As used in this Plan, the term “termination of employment” shall refer to events which constitute a “separation of service” as defined in Treasury Regulation §1.409A-1(h) and means the participant’s “separation from service” with the Company and all members of the controlled group (within the meaning of Treasury Regulation §1.409A-1(g)), for any reason, including without limitation, quit, discharge, or retirement, or a leave of absence (including military leave, sick leave, or other bona fide leave of absence such as temporary employment by the government if the period of such leave exceeds the greater of six months or the period for which the Employee’s right to reemployment is provided either by statute or by contract). “Separation from service” also means the permanent decrease in the participant’s service for the Company and all controlled group members to a level that is no more than 20% of its prior level.
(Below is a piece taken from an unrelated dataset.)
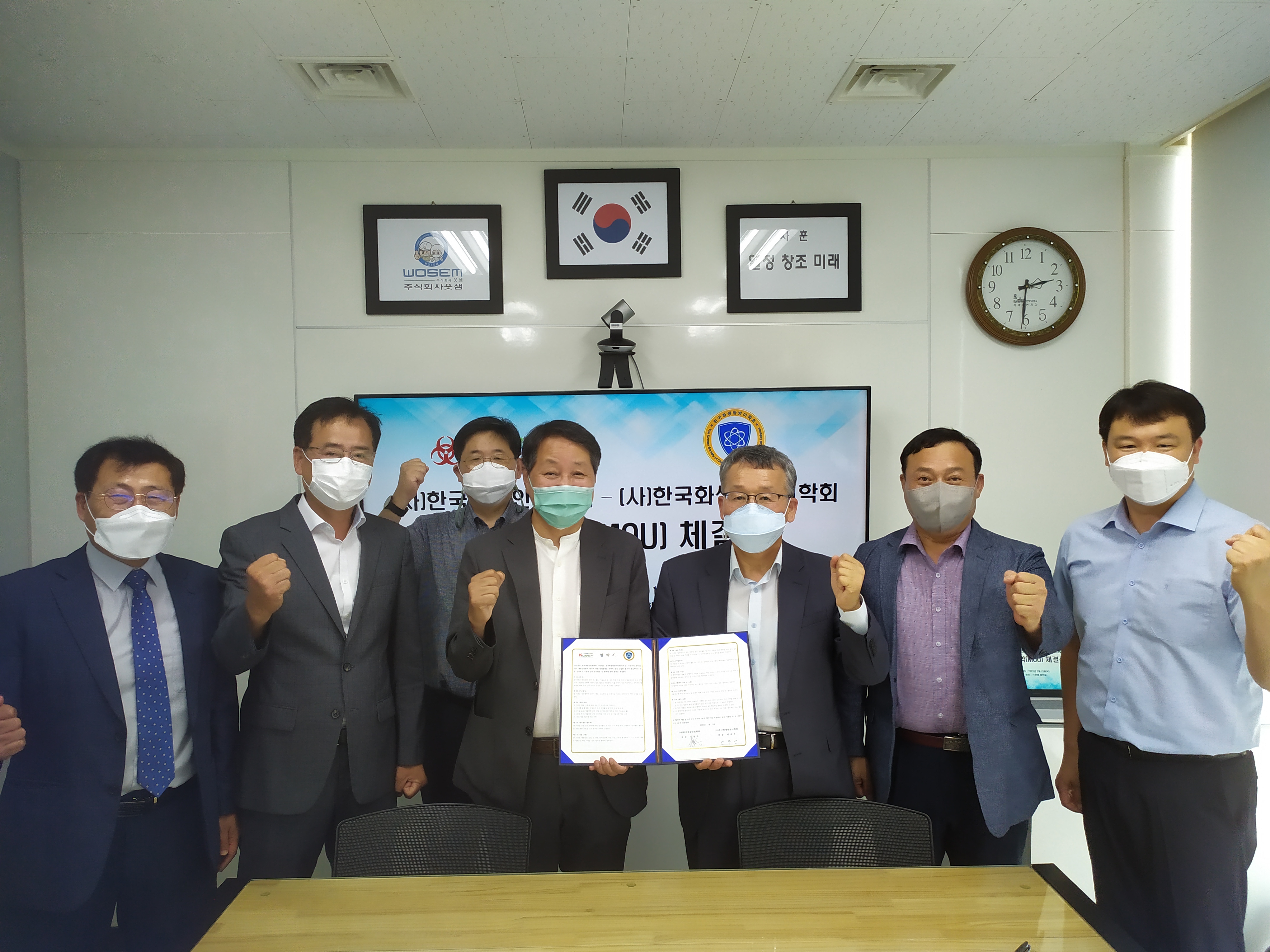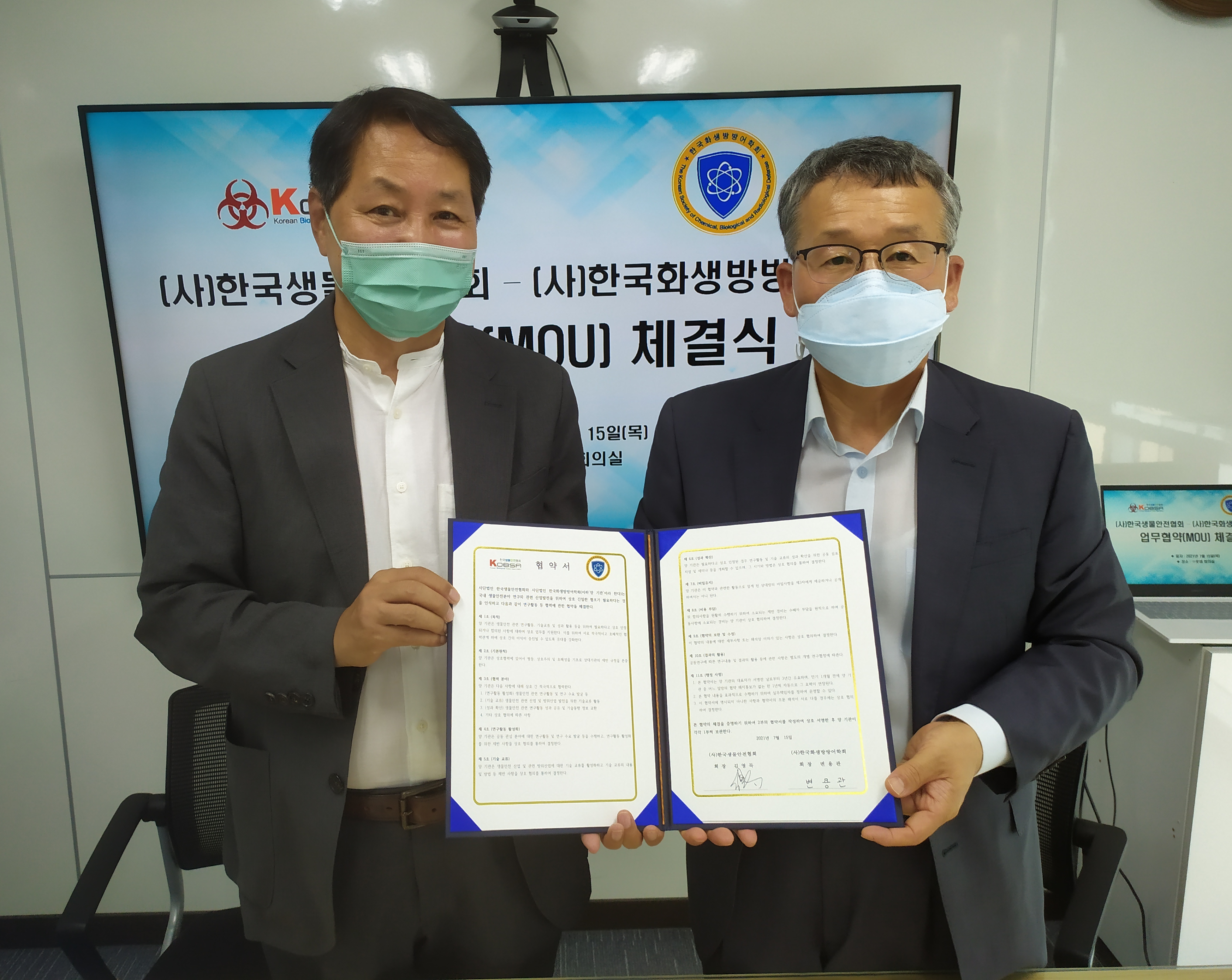 사단법인 한국생물안전협회와 사단법인 한국화생방방어학회는 7월 15일(목) 충북 오송에서 생물안전 및 국가 방위산업 발전과 관련 연구활동 활성화를 위한 민관 협력을 강화하고자 업무협약(MOU) 체결식을 진행하였습다. 업무협약의 주요내용은 양 기관의 특성과 전문성을 활용하여 공동연구활동 및 수요 발굴, 방위산업 발전을 위한 생물안전 관련 기업의 기술 교류와 제반 협력활동, 그리고 연구성과의 활용 및 확대를 위한 교류활동이다. 국내 생물안전분야 전문가와 관련 기업이 참여하고 있는 한국생물안전협회와 화학, 생물, 방사능분야에서 국가 방위산업과 관련 연구활동을 하는 한국화생방방어학회와의 업무협력을 통해 향후 코로나 19등 감염병 유행에 대응하는 국가방역시스템과 국가방위시스템의 강화와 관련 산업 발전에 크게 기여할 것으로 기대된다.

For this purpose, whether a “separation of service” has occurred is determined based on whether it is reasonably anticipated that no further services will be performed by the participant after a certain date or that the level of bona fide services the participant will perform after such date (whether as an employee or as an independent contractor) would permanently decrease to no more than 20% of the average level of bona fide services performed (whether as an employee or an independent contractor) over the immediately preceding 36-month period (or the full period of services if the participant has been providing services less than 36 months).

 

 

Notwithstanding any other provision of this Plan or any Award Agreement, and solely to the extent that any payment under an Award issued pursuant to this Plan is not exempt from the requirements of Section 409A, if the participant is a “specified employee” for purposes of Section 409A, all payments under an Award issued pursuant to this Plan that would otherwise be paid or provided during the first 6 months following such “separation from service” (other than payments exempted under Section 409A) shall be accumulated through and paid or provided within 30 days following the 6 month anniversary of such “separation from service” to the extent required by Section 409A. Notwithstanding the foregoing, payments delayed pursuant to this paragraph shall commence as soon as practicable following the date of death of the participant prior to the end of the 6 month period but in no event later than 60 days following the date of death. Any provision or provisions in this Plan or any Award Agreement that provide that such non-exempt payments are to be made prior to the earlier of the expiration of the six-month delay period or death are of no effect and the Award Agreement shall be construed and enforced as if such provision had not been included.

 

 

 

APPENDIX A

 

Sample Annual Grant

 

 

olysteelapa.jpg

 

 

 

 

 

 

 

APPENDIX B

 

In order to receive an annual PSU grant or the performance-based component of the Cash Incentive, the Company must achieve a minimum level of performance during the 3 year performance period running from the PSU Grant Date through the Vesting Date. The following describes the performance thresholds and corresponding payout levels that apply to each award, subject to annual Committee approval:

 

Annual PSU Grant (performance based)

 

Performance Based Cash Incentive

 

 

Threshold

Target

Maximum

ROA*

5% 7.5%

10% or greater

Payout % PSU Grant &

Performance Based Cash 

Incentive**

50% 100% 150%

 

*ROA defined as EBITDA / (Average A/R, Inventory & PP&E), as determined by the Committee

** Payout % for performance in between levels will be interpolated, and there is no payout for performance that doesn’t meet the Threshold performance level.

 

Exceptions to the above schedule can be made for start-up, turnaround or other situations, as determined by the Committee.